1. Introduction
The existence of isolated tumor cells floating among alveolar spaces separate from the main lesion has been observed for over two decades and has been referred to using different nomenclature in various types of cancers [
1]. Two representative studies have established this in lung adenocarcinoma, denoted as tumor spread through air spaces (STAS) [
2,
3]. It is defined as micropapillary clusters, solid nests, or single cells beyond the edge of the tumor that has spread into air spaces in the surrounding lung parenchyma. This is referred to as the newly introduced pattern of invasion in the 2015 World Health Organization (WHO) classification of lung adenocarcinoma [
4].
Although STAS is known to be a negative prognostic factor for the recurrence of both non-small cell lung cancer (NSCLC) [
5] as well as small cell lung cancer (SCLC) [
6] irrespective of the stages, its clinical implication could be particularly pronounced in small size (typically ≤2 m in solid component) pathological stage I lung adenocarcinoma. The potential curative role of limited resection, including segmentectomy and wedge resection [
7,
8], becomes questionable upon detection of STAS [
9]. Numerous studies have reported a significant correlation between higher recurrence rates and the presence of STAS in early-stage lung cancer patients who have undergone limited resection, underscoring the need for careful consideration in surgical decision-making [
2,
9,
10,
11,
12,
13,
14].
Several studies reported that the presence of STAS still had negative prognostic effects on pathologic stage I lung adenocarcinoma patients who underwent radical resection [
15,
16,
17]. The differences in clinical results from early studies dealing with the correlation between negative prognosis and STAS could be due to the lack of quantitative or qualitative analysis on the morphology of STAS. Several subtypes exist: (1) single cells, (2) micropapillary or ring-like clusters, and (3) solid nests or tumor islands [
1,
18]. Quantitative differences considering the distance from the edge of the tumor margin or the amount of each STAS could be evaluated. The diversity of STAS seems to be related to recurrence rates and survival among small pathological stage I adenocarcinoma [
1,
19,
20]; therefore, the grading of STAS should be considered in predicting the risk of recurrence.
Several methods have been designed to estimate the STAS grade. Two methods of measuring the distance from the tumor margin to a commonly used separate tumor island include the standard scale of length (mm) and the number of alveoli in between [
2,
3]. Moreover, a larger number of tumor clusters has been reported to be associated with worse prognoses.

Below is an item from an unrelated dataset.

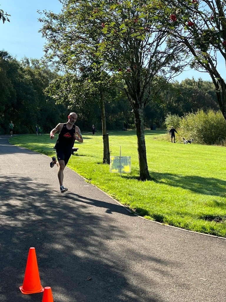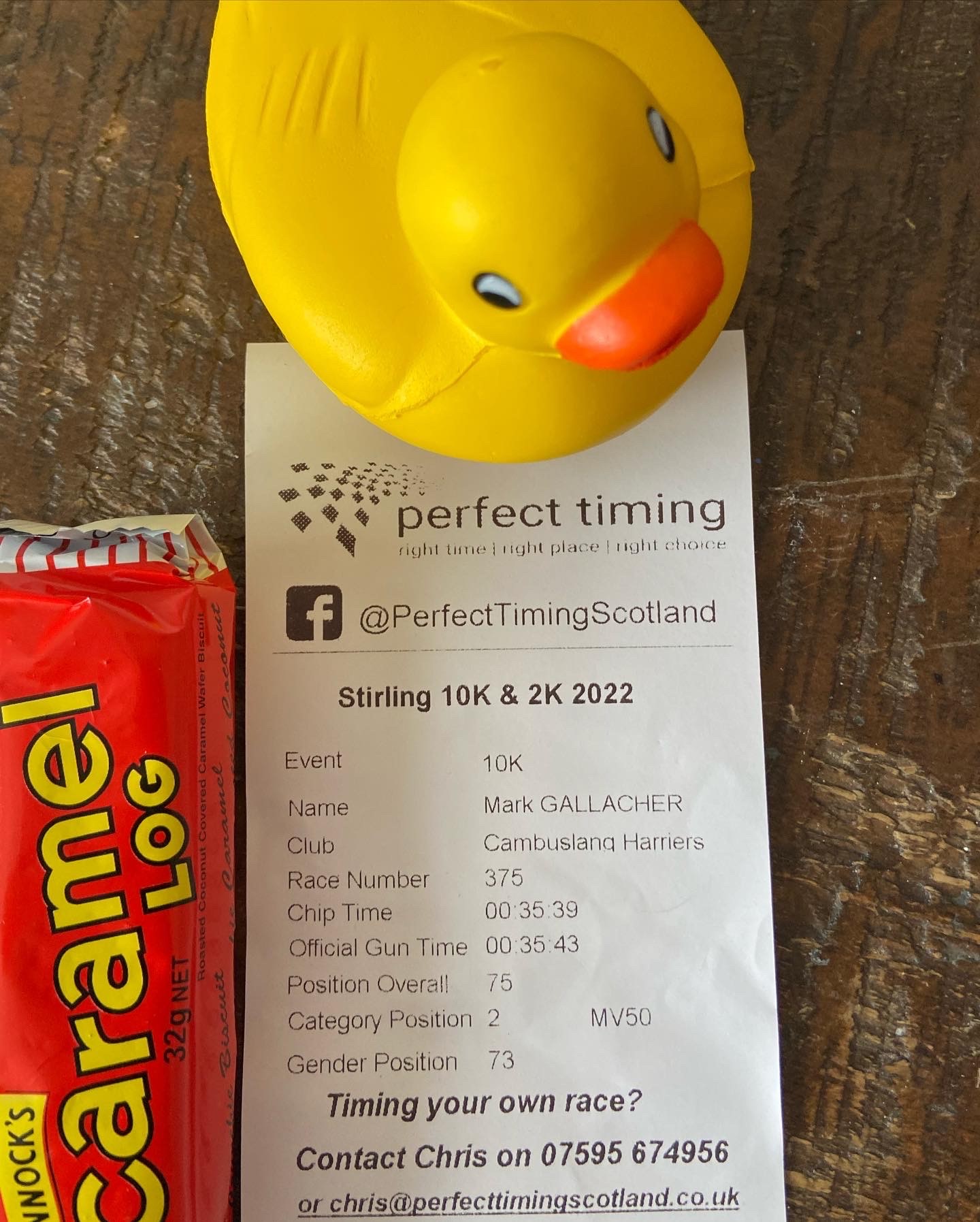 The racing was really good fun, the head and the legs were active most of the time, and I have shown good consistency. I even lost the sweatiest runner competition, a celebratory hug from PB smashing PAACE legend David leaving me as if I had wrestled with Rebecca Addlington in a paddling pool.* Maybe I will never get near that PB again and my ambitions were too lofty, but running regular sub 36s at my age is something I can be really pleased about, and it was certainly much better and much more enjoyable than my last 10k at the Brian Goodwin. So what’s next? Cross Country trials next Saturday but since the uneven surfaces would probably play havoc with the calves I’ll probably miss it, but I do have another couple of 10ks coming up that I can hopefully enjoy again then it’s head down for the winter. Big thanks to Lewis and his team for a well-run event and for the rubber duck, though Jon has already pinched it. Big thanks to Iain at Cambuslang, Graeme Baxter (G-Bax photography), David Murray & Drumpellier parkrun and Aaron Gabriel for some cracking pictures.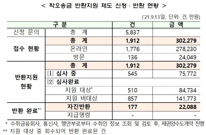 그 외 545건은 지원대상 여부에 대한 심사 중에 있으며, 857건은 보이스피싱 의심·절차 미비 등의 이유로 지원대상에서 제외됐다.

However, to date, no standard grading method has been developed [
1,
19].
In a previous study, we reported that the presence of STAS was significantly associated with lower recurrence-free survival in patients with early-stage I lung adenocarcinoma treated with standard surgical methods [
17]. However, the prognostic influence of the STAS grade on surgically treated early-stage lung adenocarcinomas has not yet been examined. Therefore, this study aimed to investigate how the grading of STAS affects survival outcomes and which variables—either preoperative or histological—could be risk factors for higher grades in surgically treated small pathologic stage I non-mucinous adenocarcinoma of the lung.
2. Materials and Methods
2.1. Patient Characteristics
We retrospectively reviewed the medical records of patients who underwent surgical resection for lung adenocarcinomas between January 2012 and December 2022 at our institute. Patients with pathological stage I invasive adenocarcinoma ≤ 2 cm in diameter were included in this study. The exclusion criteria were as follows: patients with (1) adenocarcinoma in situ (AIS) or minimally invasive adenocarcinoma (MIA), (2) pathologically confirmed stage II to IV, (3) stage I but invasive tumor size > 2 cm, and (4) mucinous adenocarcinoma (
Figure 1).
The enrolled patients were initially categorized into two groups according to the presence of STAS as follows: STAS (−) and STAS (+). The STAS (+) group was further subdivided according to the furthest distance of STAS from the tumor margin, with STAS (+)-L having a distance of <2 mm and STAS (+)-H having a distance of ≥2 mm. Demographic data, perioperative information, and pathological results were also examined, and survival and risk factor analyses were performed for all three groups.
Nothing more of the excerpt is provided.